# [What needs to be done]
Write out the listing below in its entirety, minus the pictures, without changing a word.

# [Given information]
*** Block opens ***

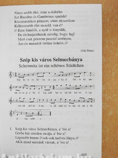Ebből az indíttatásból érthető az is, hogy a Selmecen legrégebben kialakult diákhagyományok és nóták is németnyelvűek voltak. A nemcsak Magyarországról, hanem sokszor messzeföldről jött németajkú hallgatók sok német hagyományt is hoztak Selmecre. Azonban ezek nem egyszerű átvételek voltak, hanem olyan sajátos egységben "selmeciesedtek" az ott keletkezőkkel, váltak a diákok mindennapi életének kiegészítőjévé, amilyen sehol máshol az országban nem alakult ki. Vissza
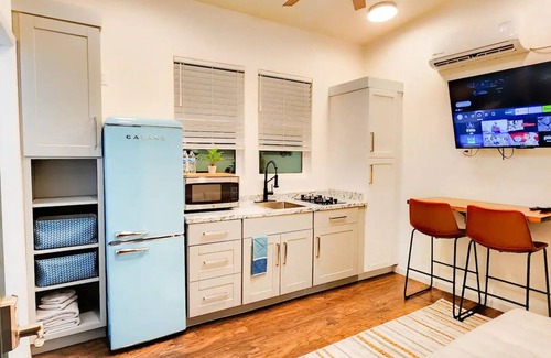 Escape to a tranquil oasis just minutes from downtown at Cecy and her husband's delightful tiny home/RV community. Tucked away behind the main house, guests are greeted by a shaded awning, outdoor picnic area, and twinkling lights that create a serene ambiance. The tiny house itself exudes charm and character, with thoughtful design details and clever craftsmanship evident throughout. From the high ceiling that eliminates any sense of claustrophobia to the luxurious step-in shower and large TV with superb sound, every aspect has been carefully considered to ensure a comfortable stay. .
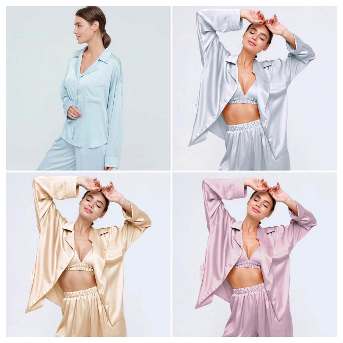 Всем ремонт, мои домашние! Как-то я уже делала подобную подборку домашней одежды совместно со стилистом и Ламодой. Сегодня решила сама поискать интресные варианты, но уже с другого сайта. С АлиЭкспресс. Последнее время мне всё чаще кажется, что нет абсолютно никакой разницы в покупке некоторых вещей на алике и в магазинах. Все "модные" шоурумы продают такую же одежду, что и известная площадка из Поднебесной. Так что разницы большой не вижу. К тому же я с недавних пор смотрю канал Кати Конасовой на Ютубе и нахожу этому подтверждение. Атласная пижама Первой в подборке будет вот такая классная атласная пижама. Средняя оценка 4,6, по отзывам — всем нравится. Большинство рассматривает ее как домашний костюм, а не пижаму для сна. Поэтому я ее и включаю в подборку одежды для дома. Кто-то писал в отзывах, что здорово использовать такие пижамы для фотосессии. Идеально для свадебной. Сделала коллаж из некоторых фото из отзывов. Кому понравилась пижамка, оставлю ссылку. Комплект из двух предм

*** Block closes ***

# [Expected answer]
Ebből az indíttatásból érthető az is, hogy a Selmecen legrégebben kialakult diákhagyományok és nóták is németnyelvűek voltak. A nemcsak Magyarországról, hanem sokszor messzeföldről jött németajkú hallgatók sok német hagyományt is hoztak Selmecre. Azonban ezek nem egyszerű átvételek voltak, hanem olyan sajátos egységben "selmeciesedtek" az ott keletkezőkkel, váltak a diákok mindennapi életének kiegészítőjévé, amilyen sehol máshol az országban nem alakult ki. Vissza
 Escape to a tranquil oasis just minutes from downtown at Cecy and her husband's delightful tiny home/RV community. Tucked away behind the main house, guests are greeted by a shaded awning, outdoor picnic area, and twinkling lights that create a serene ambiance. The tiny house itself exudes charm and character, with thoughtful design details and clever craftsmanship evident throughout. From the high ceiling that eliminates any sense of claustrophobia to the luxurious step-in shower and large TV with superb sound, every aspect has been carefully considered to ensure a comfortable stay. .
 Всем ремонт, мои домашние! Как-то я уже делала подобную подборку домашней одежды совместно со стилистом и Ламодой. Сегодня решила сама поискать интресные варианты, но уже с другого сайта. С АлиЭкспресс. Последнее время мне всё чаще кажется, что нет абсолютно никакой разницы в покупке некоторых вещей на алике и в магазинах. Все "модные" шоурумы продают такую же одежду, что и известная площадка из Поднебесной. Так что разницы большой не вижу. К тому же я с недавних пор смотрю канал Кати Конасовой на Ютубе и нахожу этому подтверждение. Атласная пижама Первой в подборке будет вот такая классная атласная пижама. Средняя оценка 4,6, по отзывам — всем нравится. Большинство рассматривает ее как домашний костюм, а не пижаму для сна. Поэтому я ее и включаю в подборку одежды для дома. Кто-то писал в отзывах, что здорово использовать такие пижамы для фотосессии. Идеально для свадебной. Сделала коллаж из некоторых фото из отзывов. Кому понравилась пижамка, оставлю ссылку. Комплект из двух предм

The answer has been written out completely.